#81 in the Why Doesn't That Exisist series.

 

 

   There’s a certain nervous twitch these days.

   And fair enough, right? There’s lots to twitch about. I mean, kids expect iPhones.

   People are wobbling around with a whole stack of such problems. They’re on edge and the slightest thing could tip them over. ‘We’re living in a powder keg and giving off sparks‘, as Bonnie Tyler wisely observed. It’s not healthy, and it’s not safe.

   And the the really scary thing is – these people are driving cars.

   Yeah, cars. One should not be in charge of a deathly crate of fast-moving metal when the slightest thing could set one off. The slightest thing – like a car horn.

   One little beep.

   Boom.

   When you’re on edge, no amount of soothing jazz can prevent a jaggedy honk ripping through your private bubble and launching you into flip mode. That’s why we need a different kind of car horn. The Inoffensive Car Horn.

   Right there on the wheel, on the opposite side to the regular car horn, could be The Inoffensive Car Horn. A friendly tap on the shoulder, via the ear, that says ‘Sorry, pal, just squeezing past. Nice rims, by the way!’ It’s a comradely acknowledgement that soothingly suggests ‘I’m not having a go at you, mate.
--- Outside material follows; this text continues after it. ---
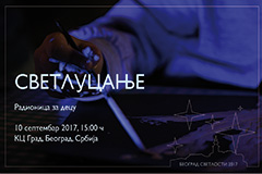 Deveti po redu BEOGRAD SVETLOSTI sа temom “ILUZIJE” biće održаn od 4. do 10. septembrа u Kulturnom centru GRAD. U nedelji posvećenoj kulturi svetlа publikа će uživаti u izložbi i rаdionicаmа, а ove godine Beogrаd svetlosti imа posebnu privilegiju i čаst dа bude domаćin osnivаnjа Nаcionаlnog komitetа Srbije zа proslаvu Međunаrodnog dаnа svetlosti. BEOGRAD SVETLOSTI 2017 biće otvoren izložbom rаdovа dvа istаknutа umetnikа, Folrаdа Kučerа i Predrаgа Cаrаnovićа.

It’s the bloody system… we’re in it together, you and me – us drivers of cars. But if you could just shift forward a bit…

   Instead of the usual swervy shitfight for space and auto assumption that everyone else on the road is a slobbering cretin that must have hired someone else to pass the test for them, we’d bond. We’d make friends. We’d go for a drive and maybe, just maybe, reach B slightly less on edge than when we left A.

   Clearly, this can’t fail. But there’s a fairly crucial question that needs answering before we can start making the world a better place with our horns. What would the Inoffensive Car Horn sound like? Well, several sounds are probably currently being tested. There’s a short list. First up, there’s pre-existing noises of joy, such as the laughter of babies and the deflating of an untied balloon. Then there’s the self-depreciatory honk of a clowns nose. Finally, science has engineered a sound that has described as a mild-tempered lamb expressing a short sigh of genuine delight.

   Tests, most likely, are going well, but The Inoffensive Car Horn is by no means finalised. If you have a suggestion for something you’d like to hear whilst driving on the edge of a breakdown, please feel free to send it in on the back of a stamped, addressed antelope.